我是这个 Python-XML 编码的新手。我不知道如何编辑 XML 文件中的文本字段。我正在尝试使用 elementtree.ElementTree 模块。但是要读取 XML 文件中的行并提取属性,我不知道需要导入哪些模块。
Please help.
请帮忙。
Thanks and Regards.
谢谢并恭祝安康。
采纳答案by YOU
You can convert your data text into python dictionary by regular expression
您可以通过正则表达式将数据文本转换为 python 字典
data="""Spec 2 Included : TRUE
Spec 2 Label: 19-Flat2-HS3
Spec 3 Included : FALSE
Spec 3 Label: 4-1-Bead1-HS3"""
#data=open("data.txt").read()
import re
data=dict(re.findall('(Spec \d+ (?:Included|Label))\s*:\s*(\S+)',data))
data
will be as follows
data
将如下
{'Spec 3 Included': 'FALSE', 'Spec 2 Included': 'TRUE', 'Spec 3 Label': '4-1-Bead1-HS3', 'Spec 2 Label': '19-Flat2-HS3'}
Then you can convert it by using any of your favoriate xml parser, I will use minidom here.
然后你可以使用任何你喜欢的 xml 解析器来转换它,我将在这里使用 minidom。
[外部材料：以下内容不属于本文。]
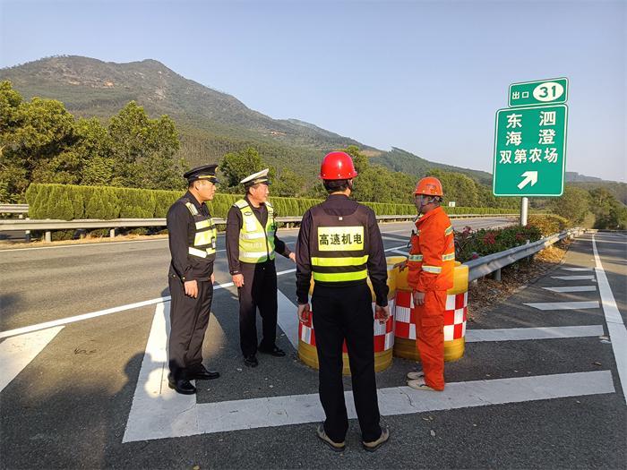 为切实做好辖区道路交通安全防范工作,保障人民群众生命财产安全,12月6日,漳州高速执法支队一大队漳州南中队深化“5+N”联动机制,联合高速交警、高速养护站、机维站等部门,对漳武高速公路九湖段开展安全隐患排查整治行动。 行动期间,执法人员贯彻“早发现、早排除、早处置”的原则,联合高速交警部门根据辖区事故规律、日常管控经验以及群众反映的突出问题,对沿线各类交通安全设施展开了系统、深入的核查。在道路中央隔离区域,执法人员逐一查验防撞柱的牢固程度、反光标识的清晰度及结构完整性,确保其在车辆意外冲击下能有效发挥作用。针对路侧防护网,执法人员联合养护部门细致排查是否存在破损、锈蚀、缺失或高度不足等情况,防止行人、动物闯入高速区域。对于路侧防撞护栏,则重点检查其连续性、端头处理是否规范、螺栓是否紧固。此外,各类交通标志标牌也被纳入检查重点,包括其设置位置是否合理、信息是否准确清晰、支架是否稳固、反光膜是否完好等,确保在夜间或恶劣天气下仍能充分发挥指示、警示功能。

from xml.dom import minidom
dom = minidom.parseString(xml_text)
params=dom.getElementsByTagName("Parameter")
for param in params:
name=param.getAttribute("name")
if name in data:
for item in param.getElementsByTagName("*"): # You may change to "Result" or "Value" only
item.firstChild.replaceWholeText(data[name])
print dom.toxml()
#write to file
open("output.xml","wb").write(dom.toxml())
Results
结果
<?xml version="1.0" ?><ParameterData>
<CreationInfo date="10/28/2009 03:05:14 PM" user="manoj"/>
<ParameterList count="85">
<Parameter mode="both" name="Spec 2 Included" type="boolean">
<Value>TRUE</Value>
<Result>TRUE</Result>
</Parameter>
<Parameter mode="both" name="Spec 2 Label" type="string">
<Value>19-Flat2-HS3</Value>
<Result>19-Flat2-HS3</Result>
</Parameter>
<Parameter mode="both" name="Spec 3 Included" type="boolean">
<Value>FALSE</Value>
<Result>FALSE</Result>
</Parameter>
<Parameter mode="both" name="Spec 3 Label" type="string">
<Value>4-1-Bead1-HS3</Value>
<Result>4-1-Bead1-HS3</Result>
</Parameter>
</ParameterList>
</ParameterData>
回答by Jason Orendorff
Well, you could start with
那么,你可以从
import xml.etree.ElementTree as ET
tree = ET.parse("blah.xml")
Find the elementsyou want to modify.
To replace the contents of an element, just do
要替换元素的内容,只需执行
element.text = "TRUE"
The import statement above works in Python 2.5 or later. If you have an older version of Python you'll need to install ElementTree as an extension, and then the import statement is different: import elementtree.ElementTree as ET
.
上面的 import 语句适用于 Python 2.5 或更高版本。如果您有旧版本的 Python,则需要安装 ElementTree 作为扩展,然后导入语句就不同了:import elementtree.ElementTree as ET
.
回答by wierob
Unfortunately, the XPath supported by ElementTree isn't complete. Since Python 2.6 includes an older version, finding elements by attribute (as stated here) does not work. So Python's own documentationshould be your first stop: xml.etree.ElementTree
不幸的是,ElementTree 支持的 XPath 并不完整。因为Python 2.6包括一个旧版本,发现通过属性的元素(如说这里)不起作用。所以Python 自己的文档应该是你的第一站:xml.etree.ElementTree
import xml.etree.ElementTree as ET
original = ET.parse("original.xml")
parameters = original.findall(".//Parameter")
changes = {}
# read changes
with open("changes.txt", "rb") as in_file:
for change in in_file:
change = change.rstrip() # remove line endings
name, value = change.split(":")
changes[name.strip()] = value.strip() # remove whitespaces
# find paramter element and apply changes
for parameter in parameters:
parameter_name = parameter.get("name")
if changes.has_key(parameter_name):
value = parameter.find("./Value")
value.text = changes[parameter_name]
result = parameter.find("./Result")
result.text = changes[parameter_name]
original.write("new.xml")
回答by Uche Ogbuji
Here is how you could do it using Amara
这是使用Amara 的方法
from amara import bindery
doc = bindery.parse(XML)
def cleanup_for_dict(key, value):
return key.strip(), value.strip()
params = dict(( cleanup_for_dict(*line.split(':', 1))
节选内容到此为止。